By Andersen Xia
Aldermanic challenger Byron Sigcho filed a petition for a vote recount in the 25th Ward, wishing to push incumbent Alderman Danny Solis under 50 percent of vote and into a runoff.
“We see that it’s like one or two votes that each precinct only has to take to swift the election and to get the incumbent out of the runoff,” Sigcho said Tuesday, adding that he wants a recount to ensure all votes are counted.
According to the unofficial summary report released by the Chicago Board of Elections, Solis, so far, has 50.95 percent of the vote to meet what he needs to retain his alderman’s seat. However, there are only 70 votes separating him and Sigcho, who finished second in the Feb. 24 election.
Sigcho said he was suspicious of “the casting and counting of ballots” because of some “irregularities” that he and his volunteers witnessed throughout the city elections.
“They have excluded me,” said Miriam De Paz, a poll watcher at the 9th Precinct at St. Ann Catholic School in Pilsen, who was also one of Sigcho’s campaign volunteers.
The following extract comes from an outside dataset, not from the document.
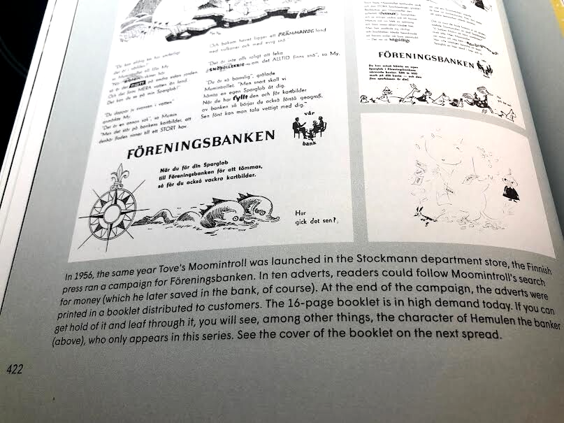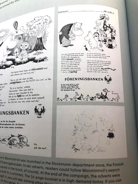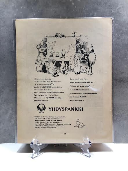 During the 1950's Tove Jansson's cartoon character Moomin (Moomintroll) was used to advertise Yhdyspankki (Union Bank of Finland). Tove illustrated the ADs by herself.
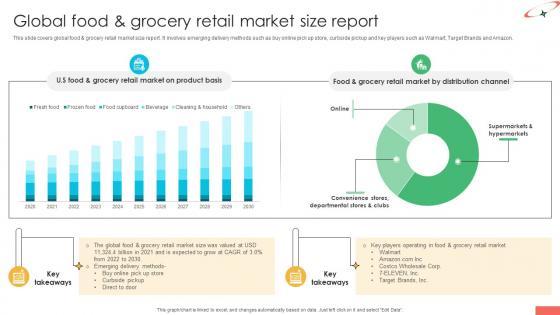 This slide covers global food and grocery retail market size report. It involves emerging delivery methods such as buy online pick up store, curbside pickup and key players such as Walmart, Target Brands and Amazon. If you are looking for a format to display your unique thoughts, then the professionally designed Global Food And Grocery Retail Market Size Report Ppt PowerPoint is the one for you. You can use it as a Google Slides template or a PowerPoint template. Incorporate impressive visuals, symbols, images, and other charts. Modify or reorganize the text boxes as you desire. Experiment with shade schemes and font pairings. Alter, share or cooperate with other people on your work. Download Global Food And Grocery Retail Market Size Report Ppt PowerPoint and find out how to give a successful presentation. Present a perfect display to your team and make your presentation unforgettable. This slide covers global food and grocery retail market size report. It involves emerging delivery methods such as buy online pick up store, curbside pickup and key players such as Walmart, Target Brands and Amazon.

She blamed the judges for shutting down her operation despite her having official credentials.
Spokesman of the Chicago Board of Elections, Jim Allen, declined to comment until the case has been reviewed in the courtroom.
Sigcho also accused the Chinese American Service League, a prominent Chinatown nonprofit organization, of engaging in “improper electioneering,” which Sigcho said included facilitating the seniors’ transportation after making senior houses off limits to him but not to Solis.
“We have already known that they had only one person who was able to speak and then we see you sending buses to take the same seniors to vote,” Sigcho said. “We know how those votes are gonna go.”
CASL President Bernie Wong denied the denouncements. She said Sigcho had never contacted her for access to any particular place, and CASL did not decline Solis’s visit in Chinatown’s senior houses because “he came in not as a candidate.”
Also, Wong said there was no manipulation during the ride provided to the seniors.
“It’s totally legitimate, totally legal.” Wong said. “We didn’t tell them whom to vote; We just told them to vote.”
Sigcho and Wong had a similar confrontation three weeks ago after Sigcho addressed an email to Linda Yu, an ABC news anchor and also the nonprofit’s advisory board chairwoman, alleging that CASL had engaged in “partisan politics” on behalf of Solis. The claim was refuted by Wong, who later demanded a full retraction of the statement in his letter.
After numerous phone calls and emails, Solis’ campaign could not be reached for comment.
Under the city rule, the petition will open a process of discovery in which an initial eight priority precincts will be recounted by the Board before a judge decides for a full recount. Sigcho said he expects the final decision to come out by the March 10 deadline for absentee ballots.